G	$[27,6,\{12,16\left\}\right]$	$[28,6,\{12,16\left\}\right]$	Total:
$\left(\begin{array}{c}1111111111111111111111111111\\ 0000000111111111111111100000\\ 0011111000000000111111010000\\ 0100011000001111001111001000\\ 1001100000110011110011000100\\ 0110001011010001011101000010\\ 1010111101000101000101000001\end{array}\right)$	1	1	2
$\left(\begin{array}{c}1111111111111111111111111111\\ 0000000111111111111111100000\\ 1111111000000011111111010000\\ 0000111000011100011111001000\\ 0001011001100101100111000100\\ 0110001010001110111001000010\\ 1010001100100111101010000001\end{array}\right)$	1	2	3
$\left(\begin{array}{c}1111111111111111111111111111\\ 0000000111111111111111100000\\ 1111111000000011111111010000\\ 0000111000011100011111001000\\ 0001011001100101100111000100\\ 0110001010001110111001000010\\ 1010001110100001101011000001\end{array}\right)$	2	2	4
$\left(\begin{array}{c}1111111111111111111111111111\\ 0000000111111111111111100000\\ 1111111000000011111111010000\\ 0000111000011100011111001000\\ 0011001001100111100011000100\\ 0100011010101001100111000010\\ 1001100100011010101101000001\end{array}\right)$	1	2	3

7. Conclusions

In this paper, we defined and studied four families of two-weight codes and two families of three-weight codes that were closely connected to the self-complementary codes of even length meeting the Grey–Rankin bound. Furthermore, we presented the relations between these six special families of binary linear codes and showed how one could construct from a two-weight code in one of the families codes of the same dimension in the other three families of two-weight codes. Similarly, we showed how to construct a three-weight code in one of the families of three-weight codes from a code from the other family with the same dimension. We also presented a construction of a two-weight code of dimension $k+2$ in one of the families from a two-weight code of dimension k. Lastly, we classified codes on the basis of the theoretical results and some other well-known properties. Our efforts were focused on the classification of projective two-weight codes with parameters $[119,8,\{56,64\left\}\right]$. Since the number of inequivalent linear codes that meet the Grey–Rankin bound grows exponentially [15], we presented a partial classification for the codes with these parameters; more precisely, we gave the classification of the projective two-weight $[119,8,\{56,64\left\}\right]$ codes constructed from the seven $[35,6,\{16,20\left\}\right]$ codes.

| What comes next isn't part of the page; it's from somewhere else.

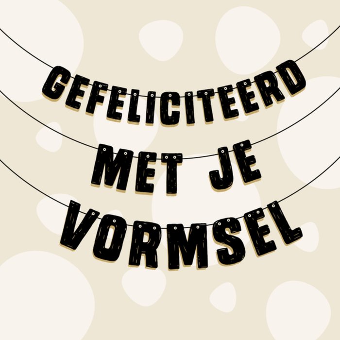 Vormsel kaart met bollen patroon en de tekst: Gefeliciteerd met je vormsel.

In conclusion, we mention some open problems related to our research:

• Is it possible to obtain equivalent codes from inequivalent ones by self-complementary lifting, and under which conditions? We applied this construction to codes with parameters $[119,8,\{56,64\left\}\right]$ to obtain codes with parameters $[496,10,\{240,256\left\}\right]$, and then to codes with parameters $[2015,12,\{992,1024\left\}\right]$. In these cases, inequivalent codes led to inequivalent ones.
• Is reverse construction possible?
• What is the relationship between the automorphism groups of codes and their extensions?
• How does this construction reflect on other related combinatorial objects?